No se trata de un trabalenguas ni de hacer una exposición gramatical de palabras que terminan de la misma manera.

A buenos entendedores pocas palabras bastan.

La historia política del Partido Revolucionario Dominicano ha sido un libro abierto donde cada uno de sus integrantes ha tenido la oportunidad de aprender de sus propios errores y sin embargo pareciera que muy pocos han leído.

En el año 1963 el profesor Juan Bosch trató, adelantándose al pensamiento que reinaba en la época, de consolidar una democracia participativa de amplios sectores de nuestra sociedad, la cual había quedado dividida por el régimen de Trujillo. Como hacer pensar a un joven que se había educado dentro del sistema, con una formación cuasi militar, y que no conocía otra formación doctrinaria al menos que no fuera militante clandestino de una agrupación de izquierda? Por mas que hayan querido endilgarle esa condición, Juan Bosch era mas progresista para esa época, que lo que fueron muchos en América Latina. Era muy rápida esa transición de pensamiento en un pueblo mayoritariamente pobre. Era un peligro dada la cercanía con Cuba. Ya Fidel había hablado de progreso años antes. Había que sacar al profesor y enviarlo lejos del país. Creemos que desde ese entonces quedarían marcadas todas las contradicciones de pensamiento partidario en ese sector.

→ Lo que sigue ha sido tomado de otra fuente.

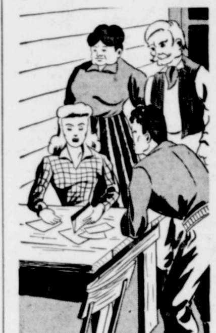
They watched intently as Sue picked up the packet and spread its contents on the table.

Sue frowned uncertainly. "It sounds reasonable," she said at length—"provided the papers do not have anything to do with Barlow or his gang. If they do we'll keep them as evidence." Her voice took on an edge of bitterness as she added, "I

¿Propiciar una revolución para restablecer el orden democrático que no fue llevada hasta sus últimas consecuencias debido a que sus principales protagonistas terminaron fuera del país y en el poder se instalaba otra persona. Era justo que después de ese sacrificio y al cabo de seis años quedaran divididos de la forma que lo hicieron?

¿Existía la necesidad de presionar de esa Manera a Don Antonio Guzmán?

¿Hubo razón mas que valedera para no honrar el acuerdo de Santiago?

¿Pudieron mas los intereses particulares que los partidarios?

¿Valió la pena una nueva reestructuración Constitucional para permitir la reelección por un período consecutivo?

¿En un partido llamado democrático había que expulsar a todo aquel que no estuviera de acuerdo con el planteamiento político de otro?

Esas preguntas deben ser contestadas de manera reflexiva por todos y cada uno de los dirigentes de ese partido.

Es cierto que la historia del pensamiento político es muy variada y no hay que tratar de ser filósofos de la materia, pero de haberse mantenido la coexión: A quien le hubiesen levantado la mano en el año 1996?

Aún queda mucho camino por recorrer, ojala alguien pueda quitar esas piedras del camino para que no tropiecen más.